I'm a complete noob in Pandas, and so far it seems that most of the formats are simply serialized sequential records, just like CSV, and at most can be sorted or indexed on one column. If nothing better comes up, I'll have to either build the indexes myself externally and juggle the edited rows manually before exporting the dataset, or dump the whole dataset in and out of a database—but I'd prefer avoiding both of those.
Edit: more specifically, it appears that Parquet has upper/lower bounds recorded for each column in each data page, and I wonder if these can be used as sort-of-indexes to speed up sorting on arbitrary columns, or whether other formats have similar features.
I would argue that parquet is indeed a good format for this situation. It maps well to the tabular nature of pandas dataframes, stores most common data in efficient binary representations (with optional compression), and is a standard, portable format. Furthermore, it allows you to load only those columns or "row groups" (chunks) you require. This latter gets to the crux of your problem.
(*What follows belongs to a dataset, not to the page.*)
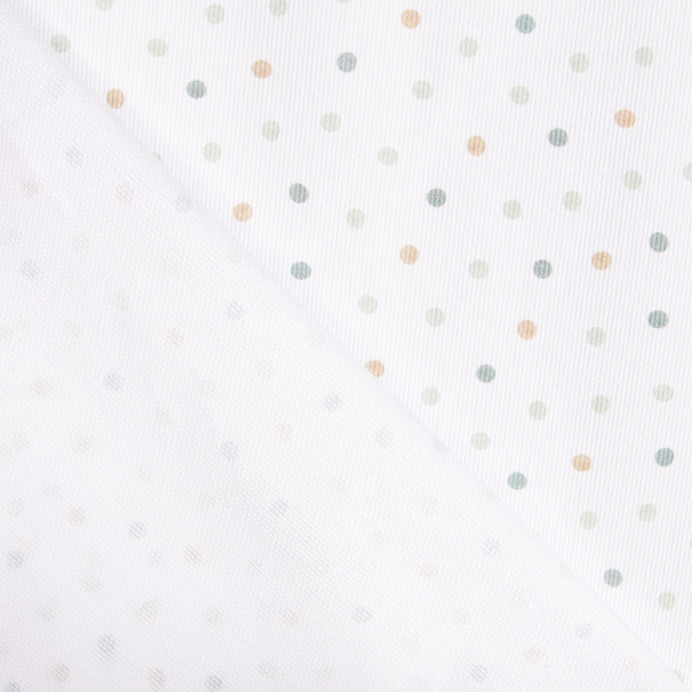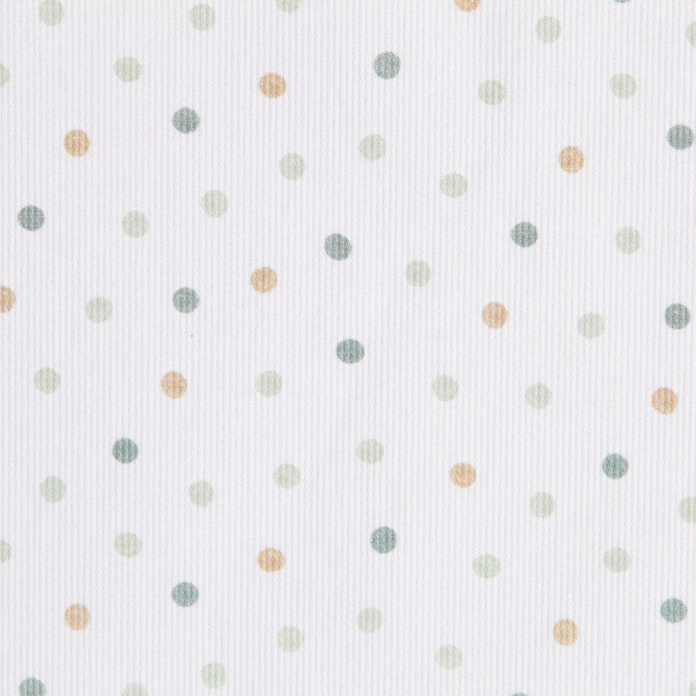 Tela para bebés de lunares blancos sobre fondo verde menta. El piqué es una tela infantil de algodón caracterizada por ser un tejido muy suave y no abrasivo, con una pequeña trama de rayas en relieve, el clásico canutillo. Tela estampada infantil para vestidos y faldas, confección de camisas y pantalones. También podrás confeccionar ropa de cama, como sábanas, cucos, arrullos y moisés. Combina los piqués estampados 100% algodón y crea tus mejores ropas para niñas y niños.

Pandas' .to_parquet() will automatically store metadata relating to the indexing of your dataframe, and create the column max/min metadata as you suggest. If you use the fastparquet backend, you can use the filters= keyword when loading to select only some of the row-groups (this does not filter within row-groups)
pd.read_parquet('split', filters=[('cat', '==', '1')],
engine='fastparquet')
(selects only row-groups where some values of field 'cat' are equal to '1')
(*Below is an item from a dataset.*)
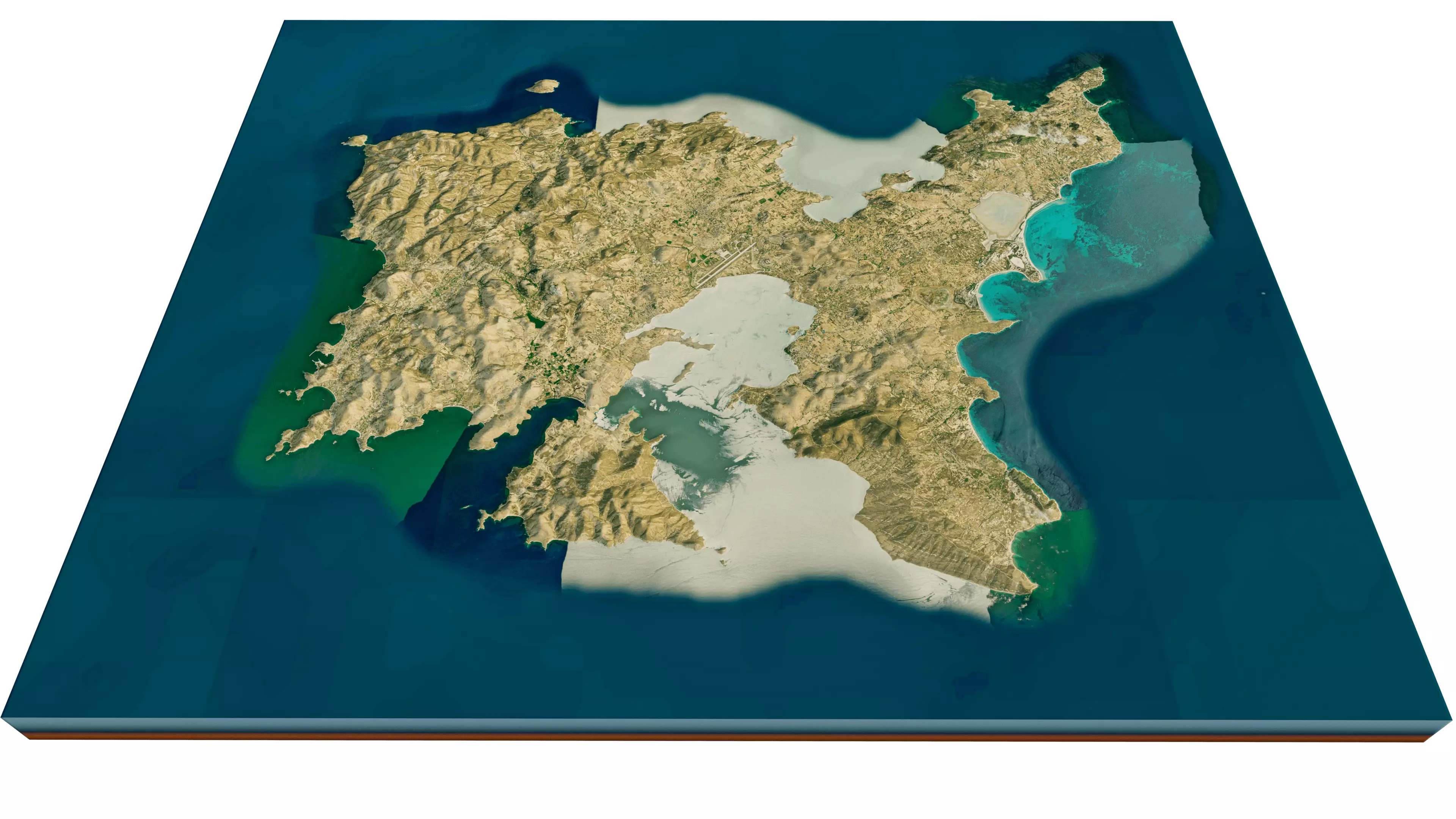 Lemnos Island 3d model terrain. 3d model of the Island of Lemnos with its landscape of mountains, beaches and forests.

This can be particularly efficient, if you have used directory-based partitioning on writing, e.g.,
out.to_parquet('another_dataset.parq', partition_on=['cat'],
engine='fastparquet', file_scheme='hive')
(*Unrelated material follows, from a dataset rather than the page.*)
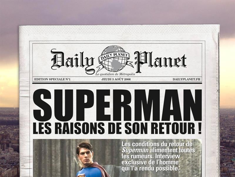 jeunes, rappelons que Superman fait le plus beau métier du monde puisqu’il est journaliste (hum…) au Daily Planet.Sur le site du journal, vous trouverez toutes les infos possibles sur le long-métrage, ainsi que de nombreux bonus, jeux, photos haute résolution, des témoignages d’internautes et des petites annonces pour le héros à la cape rouge. La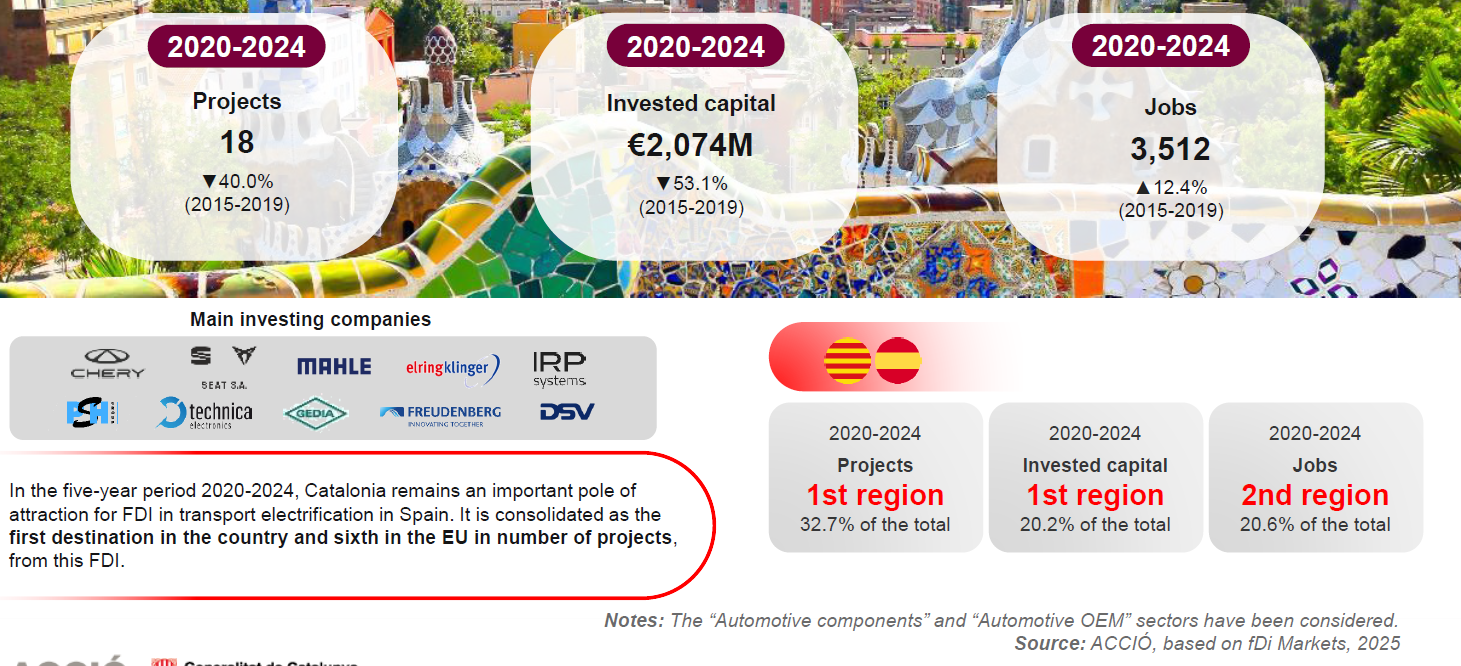 在2020-2024年的五年节点内,加泰罗尼亚仍然是西班牙交通电气化领域外国直接投资的重要吸引地。它巩固了作为该国第一大目的地的地位,在欧盟项目数量上排名第六。

Some of these options are only documented in the fastparquet docs, and maybe the API of that library implements slightly more than is available via the pandas methods; and I am not sure how well such options are implemented with the arrow backend.
Note further, that you may wish to read/save your dataframes using dask's to/read_parquet methods. Dask will understand the index if it is 1D and perform the equivalent of the filters= operation automatically load only relevant parts of the data on disc when you do filtering operations on the index. Dask is built to deal with data that does not easily fit into memory, and do computations in parallel.
(in answer to some of the comments above: Pandas-SQL interaction is generally not efficient, unless you can push the harder parts of the computation into a fast DB backend - in which case you don't really have a problem)
EDITs some specific notes:
parquet is not in general made for atomic record updating; but you could write to chunks of the whole (not via the pandas API - I think this is true for ALL of the writing format methods)
the "index" you speak on is not the same thing as a pandas index, but I am thinking that the information above may show that the sort of indexing in parquet is still useful for you.
If you decide to go the database route, SQLite is perfect since it's shipped with Python already, the driver api is in Python's standard library, and the fie format is platform independent. I use it for all my personal projects.
Example is modified from this tutorial on Pandas + sqlite3 and the pandas.io documentation:
# Code to create the db
import sqlite3
import pandas as pd
# Create a data frame
df = pd.DataFrame(dict(col1=[1,2,3], col2=['foo', 'bar', 'baz']))
df.index = ('row{}'.format(i) for i in range(df.shape[0]))
# Connect to your database
conn = sqlite3.connect("data/your_database.sqlite")
# Write the data to your table (overwrite old data)
df.to_sql('your_table', conn, if_exists='replace')
# Add more data
new_rows = pd.DataFrame(
dict(col1=[3, 4], col2=['notbaz', 'grunt']),
index=('row2', 'row3')
)
new_rows.to_sql('your_table', conn, if_exists='append') # `append`
This part is an aside in case you need more complex stuff:
# (oops - duplicate row 2)
# also ... need to quote "index" column name because it's a keyword.
query = 'SELECT * FROM your_table WHERE "index" = ?'
pd.read_sql(query, conn, params=('row2',))
# index col1 col2
# 0 row2 3 baz
# 1 row2 3 notbaz
# For more complex queries use pandas.io.sql
from pandas.io import sql
query = 'DELETE FROM your_table WHERE "col1" = ? AND "col2" = ?'
sql.execute(query, conn, params=(3, 'notbaz'))
conn.commit()
# close
conn.close()
When you or collaborators want to read from the database, just send them the
file data/your_database.sqlite and this code:
# Code to access the db
import sqlite3
import pandas as pd
# Connect to your database
conn = sqlite3.connect("data/your_database.sqlite")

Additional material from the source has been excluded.